L’Europe est et doit rester terre d’asile. Les individus dont la vie ou l’intégrité physique sont menacées par des circonstances qu’ils sont contraints de fuir doivent pouvoir continuer à compter sur l’accueil et la sollicitude en Europe. Idéalement, un système et une logique européenne de l’asile et de la protection temporaire sera mis en place afin d’assurer l’uniformité des critères d’admission aux statuts de protection.

L’État de droit devrait être une évidence en Europe. La prévisibilité des décisions politiques, la constance substantielle des constitutions et des lois, l’absence d’arbitraire d’État, le refus du favoritisme politique et de la corruption devraient s’imposer de manière universelle et incontestable. Or, nous constatons que les entorses aux principes de l’État de droits se multiplient à travers l’Union européenne. Cet état des choses est déplorable et alarmant: presque trente ans après la généralisation de la gouvernance démocratique sur tout le continent européen, de nouvelles tendances autoritaires apparaissent, dans le discours de certains partis d’opposition aussi bien que dans la pratique de gouvernement d’autres. L’Union européenne est une communauté de droit et de valeurs, consacrés dans et par le Traité constitutif. Elle ne saurait admettre des dérives de gouvernance en son sein qui violent l’esprit et la lettre du Traité.

Les défis en matière de droits fondamentaux sont nombreux – plus nombreux que ceux qui viennent d’être esquissés. Votre rapporteur a cependant souhaité focaliser son texte sur ce qu’il considère comme les priorités absolues en ce moment. Non seulement le volume de ce rapport d’initiative est limité par le règlement, mais votre rapporteur estime que pour envoyer un message politique clair et fort, il serait utile que nous nous concentrions sur quelques grands sujets de préoccupation.

En même temps que ce rapport, le précédant de peu ou devant le suivre en peu de temps, d’autres rapports sont présentés qui reflètent l’attention que porte le Parlement européen aux droits et libertés dans tous les contextes. Votre rapporteur est d’avis qu’il ne faudrait pas que ce rapport-ci reprenne en détail tous les sujets abordés spécifiquement dans d’autres rapports parlementaires. Voilà pourquoi il suggère une approche plus centrée et concise.

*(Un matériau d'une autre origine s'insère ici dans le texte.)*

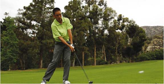 之所以这么做,很简单。现在的球道木杆已经拥有了惊人的击球距离!因此没有必要去尝试用力挥击,仅要求保证扎实触球,尽量击出笔直的弹道。通过保持双臂在胸前充分伸展,你的挥杆不再是手臂和手腕的动作,更多的是身体驱动的挥杆。

État de droit et migration et intégration, voilà les axes structurants du projet de rapport. C’étaient sans doute les sujets marquants des années 2015 et 2016, et ils n’ont rien perdu de leur pertinence ou de leur actualité. Qui plus est, ils sont intimement liés, tant pour ce qui est de la nécessité d’aborder la problématique des migrations à partir d’un État de droit fonctionnant, qu’afin de conforter la confiance des citoyens dans les institutions nationales et européennes et leur capacité d’action.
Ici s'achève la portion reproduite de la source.